Numa reportagem publicada na madrugada de hoje, o 'site' investigativo mostra mensagens dos procuradores da Lava Jato de Curitiba, onde as investigações começaram, na aplicação Telegram, alegadamente trocadas em maio de 2017, quando procuradores da Lava Jato que trabalhavam na Procuradoria-Geral da República (PGR), em Brasília, faziam denúncias contra o ex-Presidente Michel Temer, acusado de corrupção por delatores da fabricante de carnes JBS.

Na época, causava polémica uma gravação em áudio na qual Temer terá dito a um empresário e acionista do grupo JBS, chamado Joesley Batista, que ele deveria "manter isto", referindo-se ao pagamento de subornos pelo silêncio do ex-deputado (membro da câmara baixa parlamentar) Eduardo Cunha, preso e condenado nos esquemas de corrupção da estatal Petrobras.

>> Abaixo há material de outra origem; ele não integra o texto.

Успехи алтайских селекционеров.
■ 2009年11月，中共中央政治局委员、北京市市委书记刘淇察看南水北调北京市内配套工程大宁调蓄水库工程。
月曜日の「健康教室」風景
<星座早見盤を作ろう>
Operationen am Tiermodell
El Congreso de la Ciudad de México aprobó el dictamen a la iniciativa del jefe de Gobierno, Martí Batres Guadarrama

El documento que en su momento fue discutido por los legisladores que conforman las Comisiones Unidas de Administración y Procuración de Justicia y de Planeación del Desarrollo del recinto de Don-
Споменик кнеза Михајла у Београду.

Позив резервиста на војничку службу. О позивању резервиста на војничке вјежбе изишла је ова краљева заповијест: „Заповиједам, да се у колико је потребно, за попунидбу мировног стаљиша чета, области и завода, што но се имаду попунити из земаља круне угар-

O Governo e parte da imprensa questionaram se aquele áudio poderia ter sido editado e os procuradores de Curitiba, que haviam segurado a denúncia contra Lula da Silva no processo sobre a quinta para aumentar a sua repercussão, decidiram então que deveriam divulgar o conteúdo para distrair a opinião pública até que uma perícia sobre a gravação do diálogo de Temer com Joesley Batista ficasse pronta, indicam as mensagens publicadas pelo The Intercept.

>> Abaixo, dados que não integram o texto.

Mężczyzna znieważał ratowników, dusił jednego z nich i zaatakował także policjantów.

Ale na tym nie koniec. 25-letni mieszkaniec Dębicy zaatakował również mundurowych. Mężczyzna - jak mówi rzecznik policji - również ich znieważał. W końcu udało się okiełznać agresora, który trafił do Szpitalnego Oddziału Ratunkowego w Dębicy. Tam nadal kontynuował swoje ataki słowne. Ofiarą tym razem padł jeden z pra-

Lula da Silva foi condenado, em fevereiro deste ano, a 12 anos e 11 meses por corrupção e branqueamento de capitais, neste processo sobre a posse e as reformas de uma quinta localizada na cidade de Atibaia, no interior do estado de São Paulo.

A sentença foi proferida pela juíza substituta Gabriela Hardt.

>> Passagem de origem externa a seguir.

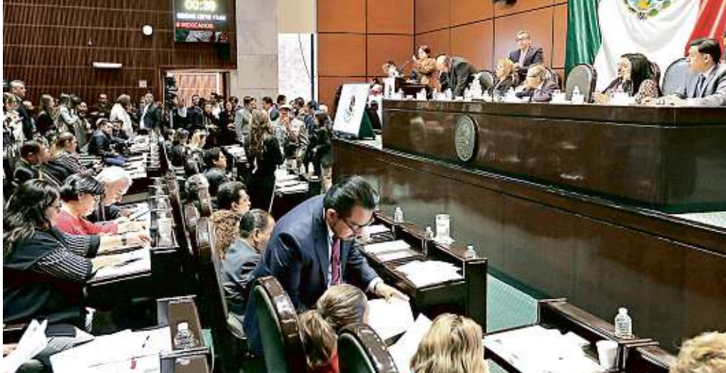
La iniciativa de Morena iba a ser presentada en la sesión de ayer en San Lázaro, pero al final se bajó de la orden del día.

De acuerdo con el proyecto, el director de Pemex asumirá directamente la facultad de conducción central y estratégica de la empresa, sus subsidiarias y compañías filiales, así como de cualquier empresa donde Pemex tenga directa o indirectamente
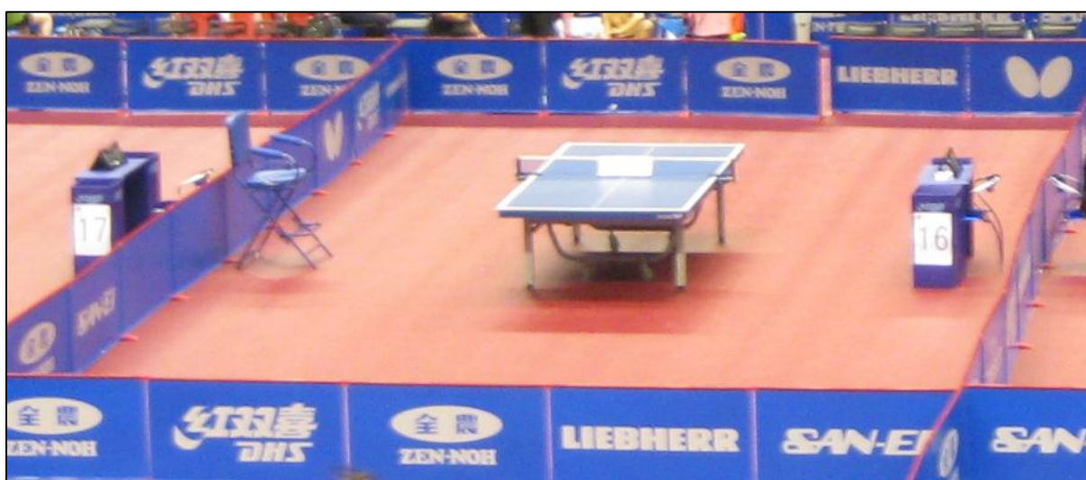
Tokyo Metropolitan Gymnasium

Hallarna hade röd matta från Gerflor/Taraflex Matchdomaren placerades i en upphöjd stol från Double Happiness, vanligt förekommande på dagens World Tour-tävlingar. Assisterande domare satt på finare modell av plaststol med vanligt manuellt räkneverk.
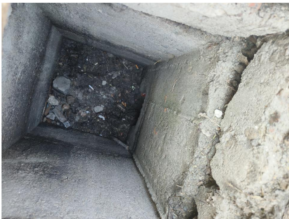
Obrázek č.2 – stávající uliční vpust

Odvodnění komunikace zůstává zachováno, tj. řešeno příčným a podélným sklonem do uličních vpustí, umístěných podél obruby. Jejich současný stav není vyhovující, jednak ze stavebnětechnického hlediska samotných vpustí a také s ohledem na nedostatečnou rovinnost dlážděného krytu v okolí vpustí, pozbývají tak svoji funkci. Nelze jednoznačně stanovit průběh odtoku z uličních vpustí do stávající obecní kanalizace.

Os procuradores alegaram na denúncia que Lula da Silva terá recebido como suborno das construtoras Odebrecht e OAS reformar na quinta e que, embora o local pertencesse legalmente a um amigo, Lula da Silva era o dono de facto do imóvel.

A sentença foi contestada pelos advogados de Lula da Silva, que além de rebaterem a tese da acusação, apontaram que a decisão teria partes copiadas de uma condenação anterior contra o ex-Presidente escrita pelo ex-juiz e atual ministro da Justiça, Sérgio Moro, num processo sobre a posse de um apartamento de luxo no litoral de São Paulo.

A sentença de condenação baseada nas investigações sobre a quinta em Atibaia cita a palavra apartamento em alguns trechos e também traz outros problemas apontados pelos advogados de defesa do antigo chefe de Estado brasileiro.

Em maio deste ano, a juíza Gabriela Hardt confirmou publicamente que usou a sentença dada por Moro como base, mas alegou ser uma prática comum que não influenciou a sua decisão.

O ex-juiz Moro e membros do grupo de trabalho da Lava Jato estão envolvidos num escândalo, conhecido como "Vaza Jato", que começou em 09 de junho, quando o The Intercept Brasil e outros 'media' parceiros começaram a divulgar reportagens que colocam em causa a imparcialidade da maior Operação contra a corrupção no país.

Baseadas em informações obtidas de uma fonte não identificada, estas reportagens apontam que Moro terá orientado os procuradores da Lava Jato, indicado linhas de investigação e adiantado decisões enquanto era juiz responsável por analisar os processos do caso em primeira instância.

Se confirmadas, as denúncias indicam uma atuação ilegal do antigo magistrado e dos procuradores brasileiros porque, segundo a legislação do país, os juízes devem manter a isenção e, portanto, estão proibidos de auxiliar as partes envolvidas nos processos.

Moro e os procuradores da Lava Jato, por seu turno, negam terem cometido irregularidades e fazem críticas às reportagens do The Intercept e seus parceiros (Folha de S. Paulo, revista Veja, El País e o jornalista Reinaldo Azevedo), afirmando que são sensacionalistas e usam conversas que podem ter sido adulteradas e foram obtidas através de crime cibernético.